RelationalAttLayer

class graphstorm.model.RelationalAttLayer(in_feat, out_feat, rel_names, num_heads, *, bias=True, activation=None, self_loop=False, dropout=0.0, num_ffn_layers_in_gnn=0, fnn_activation=<function relu>, norm=None)

Bases: Module

Relational graph attention layer from Relational Graph Attention Networks.

For the GATConv on each relation type:

\[h_i^{(l+1)} = \sum_{j\in \mathcal{N}(i)} \alpha_{i,j} W^{(l)} h_j^{(l)}\]

where \(\alpha_{ij}\) is the attention score between node \(i\) and node \(j\):

\[ \begin{align}\begin{aligned}\alpha_{ij}^{l} &= \mathrm{softmax_i} (e_{ij}^{l})\\e_{ij}^{l} &= \mathrm{LeakyReLU}\left(\vec{a}^T [W h_{i} \| W h_{j}]\right)\end{aligned}\end{align} \]

Note:

  • For inner relation message aggregation we use multi-head attention network.

  • For cross relation message we just use average.

Examples:

# suppose graph and input_feature are ready
from graphstorm.model import RelationalAttLayer

layer = RelationalAttLayer(
        in_feat=h_dim, out_feat=h_dim, rel_names=g.canonical_etypes,
        num_heads=4, self_loop,
        dropout, num_ffn_layers_in_gnn,
        fnn_activation, norm)
h = layer(g, input_feature)

Parameters

in_feat: int

Input feature size.

out_feat: int

Output feature size.

rel_names: list of tuple

Relation type list in the format of [(‘src_ntyp1’, ‘etype1’, ‘dst_ntype1`), …].

num_heads: int

Number of attention heads.

bias: bool

Whether to add bias.
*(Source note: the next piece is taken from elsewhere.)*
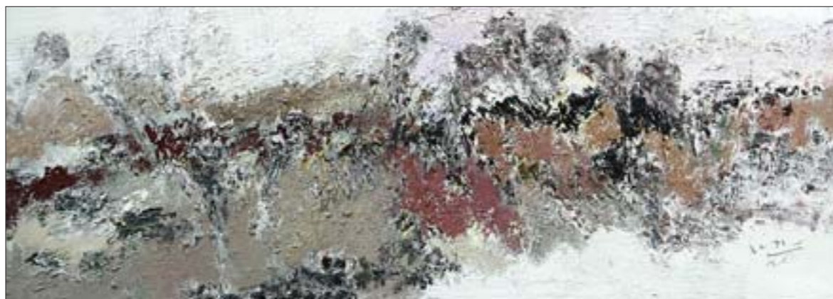
荷塘系列·韵 布面油彩 120cm×40cm

然而追根溯源，明亮自然的精神，是求真的态度和方法。他不用固定的眼光看待绘画，不破不立，正如明亮自己说，画山水心中要没有山水。

Default: True.

activation: callable

Activation function. Default: None.

self_loop: bool

Whether to include self loop message. Default: False.

dropout: float

Dropout rate. Default: 0.

num_ffn_layers_in_gnn: int

Number of fnn layers between gnn layers. Default: 0.

ffn_actication: torch.nn.functional

Activation for ffn. Default: relu.

norm: str

Normalization methods. Options:batch, layer, and None. Default: None, meaning no normalization.

forward(g, inputs)

RGAT layer forward computation.

Parameters

g: DGLHeteroGraph

Input DGL heterogenous graph.

inputs: dict of Tensor

Node features for each node type in the format of {ntype: tensor}.

Returns

dict of Tensor: New node embeddings for each node type in the format of {ntype: tensor}.